The headline finding is the cleanest sign reversal in the field:
"After completing the study, developers estimate that allowing AI reduced completion time by 20%. Surprisingly, we find that allowing AI actually increases completion time by 19% — AI tooling slowed developers down."
Plus twenty perceived. Minus nineteen measured. The confidence interval was +2% to +39% — a real slowdown, just not a precise one. Both expert forecasters and the developers themselves had predicted a speed-up north of 24%. They got the sign wrong.
That is not a tooling story. It is a measurement story. The instant week 6 of a pilot lands on a CTO's desk with positive developer sentiment and flat delivery metrics, the gap becomes visible. The tool has not failed.
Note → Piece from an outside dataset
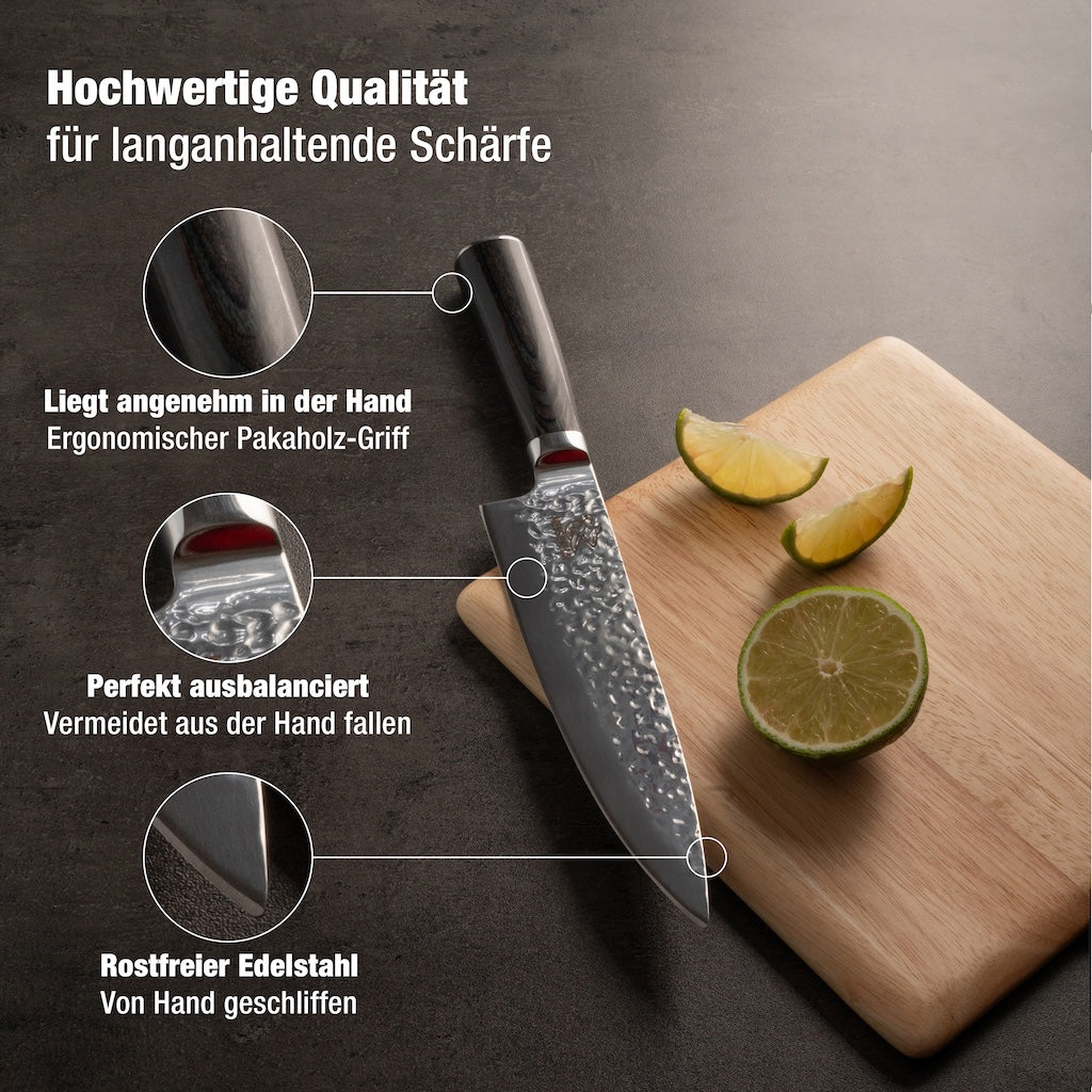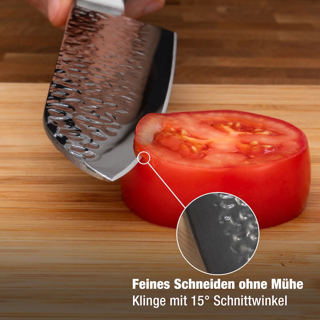 Neu und einzigartig! Leicht schneiden, sauber arbeiten, kaum Anhaftungen. Dank der gehämmerten und rasiermesserscharfen Klinge gleitet dieses geschmiedete Küchenmesser mühelos durchs Schneidgut-mit weniger Druck und kaum Anhaftungen an der Klinge. Präzision und Komfort beim Schneiden, vereint mit perfekter Balance des Messers in deiner Hand.

The measurement window has — and the failure isn't a quirk of one study. It's the shape of every general-purpose technology, and it has a name.
The Shape Has a Name
In 2006, the political scientist Ian Bremmer published The J Curve to explain why authoritarian states become more unstable, not less, when they begin to open up. Stability falls before it rises. The right-arm peak is higher than the start — but only if you survive the bottom.
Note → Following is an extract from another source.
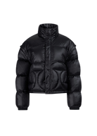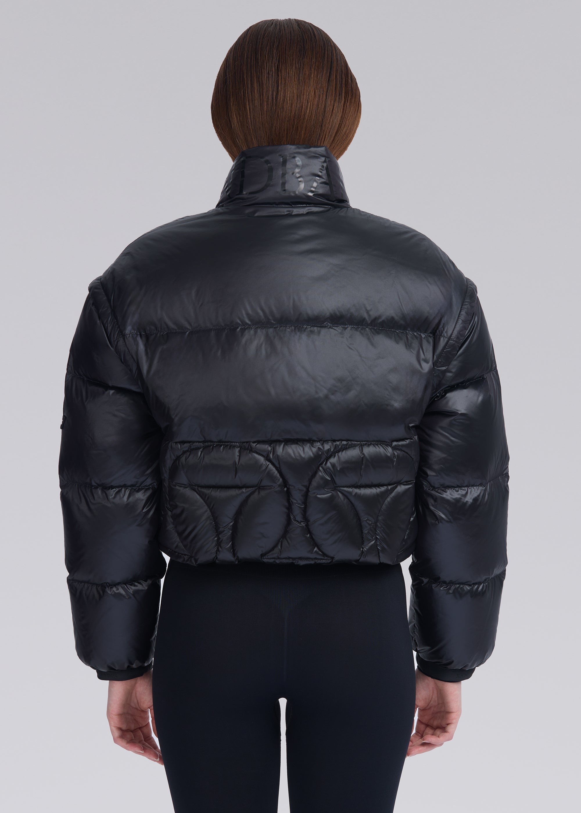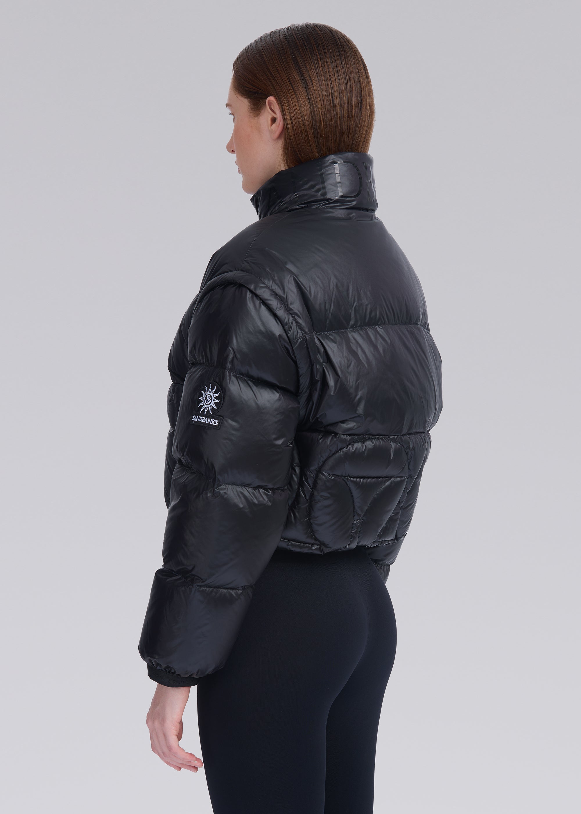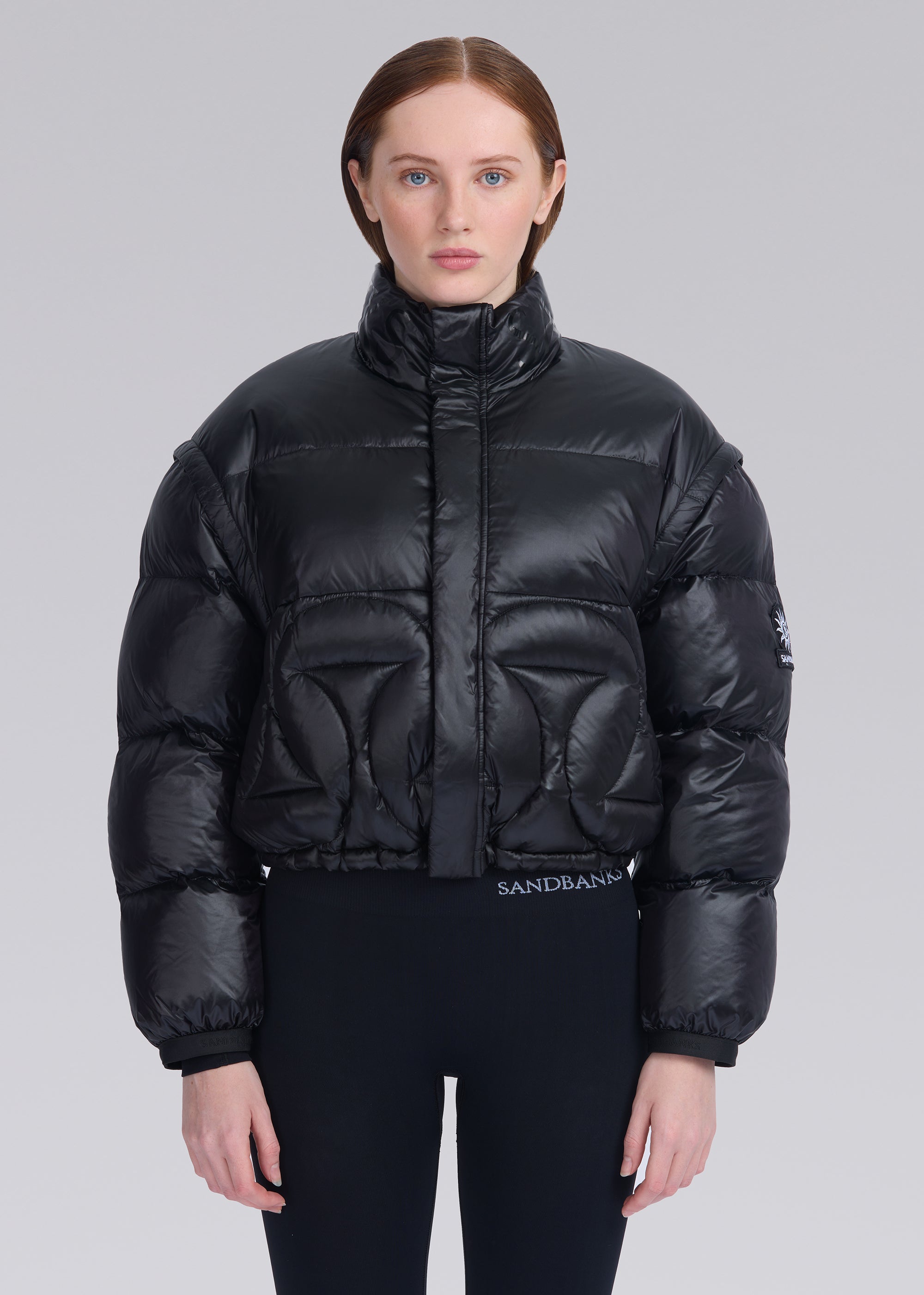 The Sandbanks Women's Monogram Cropped Puffer/Gilet jacket is featured with a black shiny shell fabric, with removable sleeves transforming into a statement gilet. This jacket features shiny black engraved components, branded tonal elastic, contrast felt badge with rubber logo badge, fleece lined pockets and Sandbanks Monogram baffles.

Twelve years later, the economists Erik Brynjolfsson, Daniel Rock and Chad Syverson lifted the same shape into macroeconomics. Their 2018 Productivity J-Curve paper showed that general-purpose technologies — electricity, the PC, AI — require large intangible investments in skills, processes and data redesign before the gains show up in the statistics. Measured output falls, then rises higher than before. Same shape, longer time constant.
Then, in July 2025, Kristina McElheran and co-authors put numbers on it for AI specifically: US Census Bureau data across tens of thousands of manufacturing firms showed an average short-run productivity decline of 1.33 percentage points, with older firms seeing the deepest dips before pulling ahead. McElheran's summary in MIT Sloan is the line to keep:
"That initial dip — the downward slope of the J-curve — is very real."
Rendering diagram...
METR's −19% lands around week 6 for experienced developers — the measurable trough. The right-arm magnitude is organisation-specific; the shape is not. Geopolitics, macro, manufacturing — three independent literatures, one curve. So what makes week 6 specifically so dangerous?
What Week 6 Actually Feels Like
The marathon runner's wall hits at mile 20 of 26 — the worst possible mile to quit at, past the halfway commitment, not yet close enough to see the finish. Trained runners know it's coming. Untrained runners read it as failure. Week 6 of an AI pilot is mile 20.
The developers feel faster. Cognitive load is genuinely lower — the tool drafts the boilerplate, suggests the test, summarises the diff. The screen recordings tell a different story: more idle time, more verification overhead, more deletion. The longitudinal version lands at ICSE'26, where Sergeyuk and colleagues tracked 800 developers over two years:
"Telemetry reveals that AI users produce substantially more code but also delete significantly more. Meanwhile, survey respondents report productivity gains..."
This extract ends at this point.